◆ **REQUIRED WORK**
What is needed is an exact reproduction of the lines in the records below, starting at the line with "NRC fuel consumption" and ending at the line with "Яркие брюки сделают", both included, and nothing else; pictures stay out.

◆ **THE RECORDS**
---
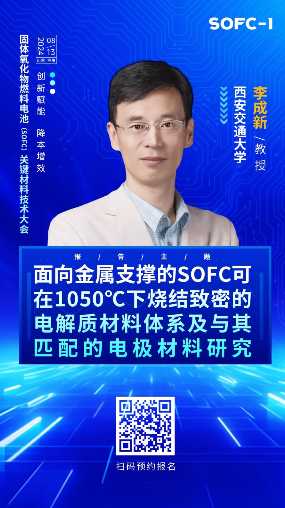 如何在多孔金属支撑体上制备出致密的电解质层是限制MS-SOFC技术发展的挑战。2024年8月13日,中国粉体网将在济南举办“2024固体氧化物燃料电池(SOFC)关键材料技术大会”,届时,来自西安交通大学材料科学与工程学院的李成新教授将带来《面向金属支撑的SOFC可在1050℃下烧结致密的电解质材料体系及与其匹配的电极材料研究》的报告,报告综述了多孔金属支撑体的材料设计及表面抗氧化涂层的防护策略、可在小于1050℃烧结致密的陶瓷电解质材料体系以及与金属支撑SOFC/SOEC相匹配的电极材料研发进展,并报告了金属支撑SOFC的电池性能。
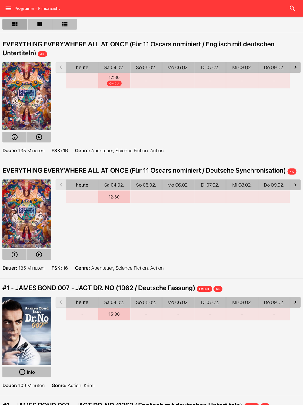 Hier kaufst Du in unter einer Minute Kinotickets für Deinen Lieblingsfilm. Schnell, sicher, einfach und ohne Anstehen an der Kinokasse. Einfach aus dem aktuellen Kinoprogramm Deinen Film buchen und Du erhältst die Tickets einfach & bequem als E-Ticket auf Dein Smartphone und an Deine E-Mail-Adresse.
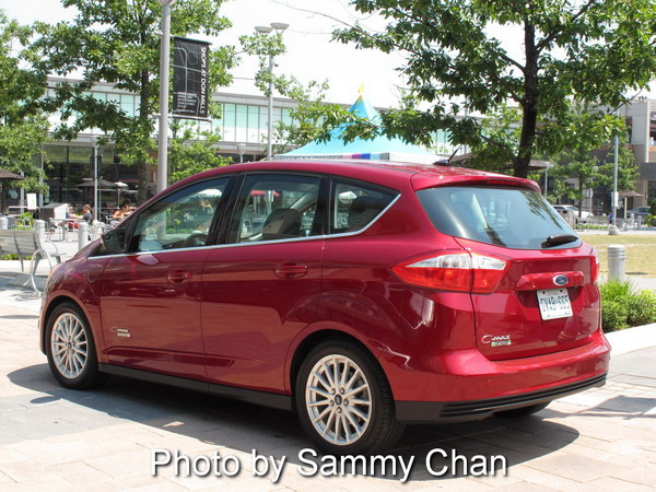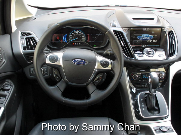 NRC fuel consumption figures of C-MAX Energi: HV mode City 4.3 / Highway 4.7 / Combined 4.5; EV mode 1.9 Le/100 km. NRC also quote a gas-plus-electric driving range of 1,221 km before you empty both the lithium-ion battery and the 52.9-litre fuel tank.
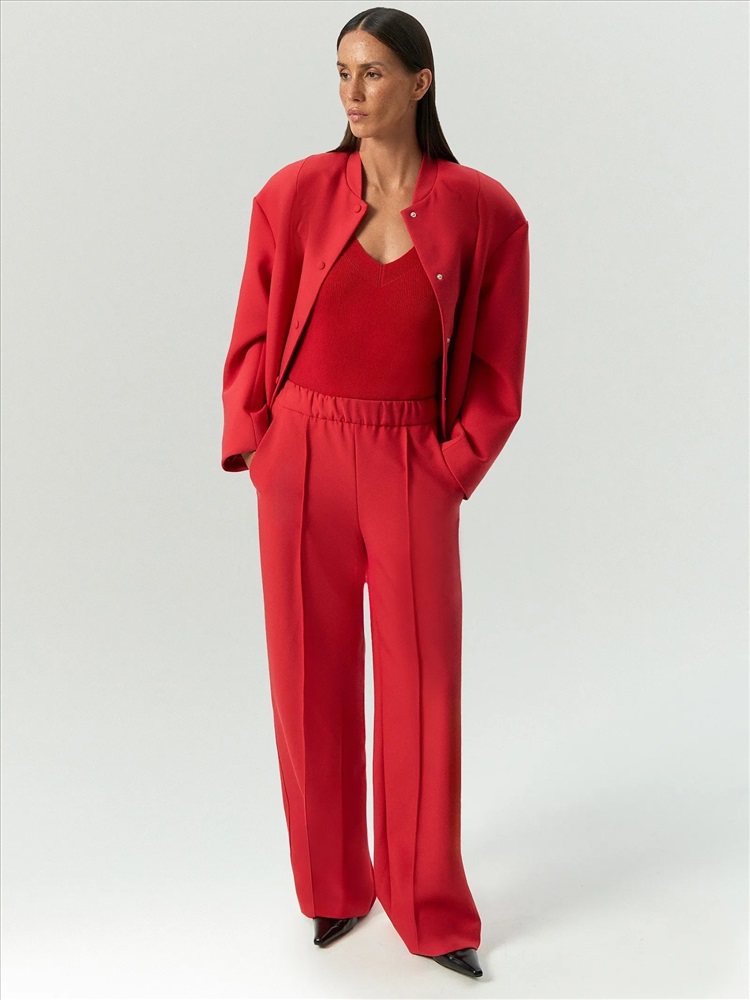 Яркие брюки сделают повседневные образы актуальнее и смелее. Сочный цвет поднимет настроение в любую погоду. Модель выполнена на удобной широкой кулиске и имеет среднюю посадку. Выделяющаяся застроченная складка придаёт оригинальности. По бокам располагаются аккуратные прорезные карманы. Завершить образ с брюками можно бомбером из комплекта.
---
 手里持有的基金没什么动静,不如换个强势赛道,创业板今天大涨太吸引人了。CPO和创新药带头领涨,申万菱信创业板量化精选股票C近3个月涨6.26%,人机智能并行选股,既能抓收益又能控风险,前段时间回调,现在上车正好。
---
◆ **OUTPUT BELOW**
 NRC fuel consumption figures of C-MAX Energi: HV mode City 4.3 / Highway 4.7 / Combined 4.5; EV mode 1.9 Le/100 km. NRC also quote a gas-plus-electric driving range of 1,221 km before you empty both the lithium-ion battery and the 52.9-litre fuel tank.
 Яркие брюки сделают повседневные образы актуальнее и смелее. Сочный цвет поднимет настроение в любую погоду. Модель выполнена на удобной широкой кулиске и имеет среднюю посадку. Выделяющаяся застроченная складка придаёт оригинальности. По бокам располагаются аккуратные прорезные карманы. Завершить образ с брюками можно бомбером из комплекта.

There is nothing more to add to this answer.